Lo más sorprendente de este último viaje de Pablo es que tuvo por fin un servicio a los
mismos pobres que atendió la iglesia de Jerusalén después del Pentecostés. Pablo no iba
a Jerusalén para una campaña evangelística, ni cursos de teología sistemática ni talleres
de formación de líderes -- con todo respeto a esas muy dignas actividades. San Pablo
estaba dispuesto a desafiar a las profecías y poner su propia vida en inminente peligro de
muerte, por un proyecto de servicio a las necesidades materiales de los pobres de
Jerusalén. Eso fue una consecuencia del proyecto de la comunidad pentecostal, el cual a
su vez se basaba en el Año de Jubileo.
En 2 Cor 8-9 Pablo elabora la base y la lógica de este proyecto mediante una hermosa
teología de la gracia y la gratitud (8:9; 9:8-10,15). El trasfondo fue que los tesalonicenses
(más pobres) habían cumplido su prometido aporte para la ofrenda (8:1-2), mientras los
corintios (más ricos) no habían cumplido. Pablo apela al ejemplo de Jesús, "que siendo
rico se hizo pobre" (8:9). Más adelante, les asegura que Dios es poderoso para darles a
ellos la gracia de ser generosos hacia los pobres (9:8-10). Y todo eso debe nacer de
nuestra gratitud hacia Dios por su gracia para con nosotros (9:15).

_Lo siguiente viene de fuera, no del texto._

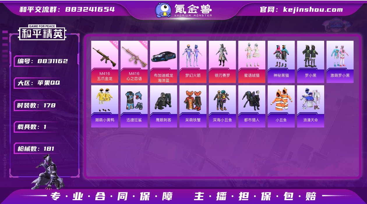 [8937376]3粉装 6特效枪 1载具 6印记 可二次 可修改实名 身法装备:都市猎人,暗影哥特(红眼罩) 热门装扮:梦幻火箭(新101)(新火箭少女101粉色套装),银刃赛罗,蜜语绒猫,神秘黑猫,罗小黑,激萌罗小黑,潮萌小黄鸭,迅捷狂鲨,鹰眼刺客,呆萌铁蟹,深海小丑鱼,都市猎人 载具:布加迪威龙(海洋蓝) 稀有枪皮:GROZA-镜光银凌,Kar98K-巳巳如意,AUG-暖羊咩咩,M416五爪金龙,M416心之恋语,AKM梦之光华 七级特效枪:七级M416-五爪金龙 六级特效枪:六级AKM-梦之光华 五级特效枪:五级GROZA-镜光银凌 四级特效枪:四级AUG-暖羊咩咩,四级Kar98K-巳巳如意 二级特效枪:二级M416-心之恋语 紫色装扮:冰冻风暴,SS27特训,Alan Walker,春光漫游,快闪甜心,贝斯之夜,粉日山川,雏菊兔兔,萝兰蝴蝶,SS29特训,纯真浪花,热情海星,SS28特训,SS26特训,小丑鱼,浪漫天命,SS32特训服(SS32特训套装),糖霜甜心,白糯汤圆,都市丽猫,青团波波,糖糖葫芦,竞技名士,绒宝小鹅,街头风暴,星途旅人,暗影哥特(红眼罩),鱼渊荷华,玉兔迎春,燕燕于飞,巳巳如意 优质战备:星途旅人降落伞,垂柳戏鸭降落伞,暗夜鎏金降落伞,银刃赛罗降落伞,葫芦兄弟降落伞,机甲封神降落伞
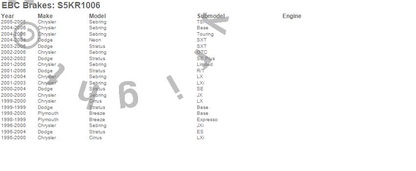 Below is an abreviated list of applications for the S5 Kits yellowstuff And GD Rotors.

Llama mucho la atención que Pablo nunca pide dinero para si mismo ni para "la obra" o
"el ministerio". Pide una ofrenda para los pobres, y él mismo da el ejemplo. La razón
básica, repetida dos veces en un solo versículo, es que Dios quiere la igualdad (2 Cor
8:14), lo mismo que en el Año de Jubileo y el proyecto pentecostal. La desigualdad es un
mal que no agrada a Dios. Dios es enemigo declarado de cualquier sistema social que
fomenta y favorece la desigualdad, como es nuestro actual sistema económico.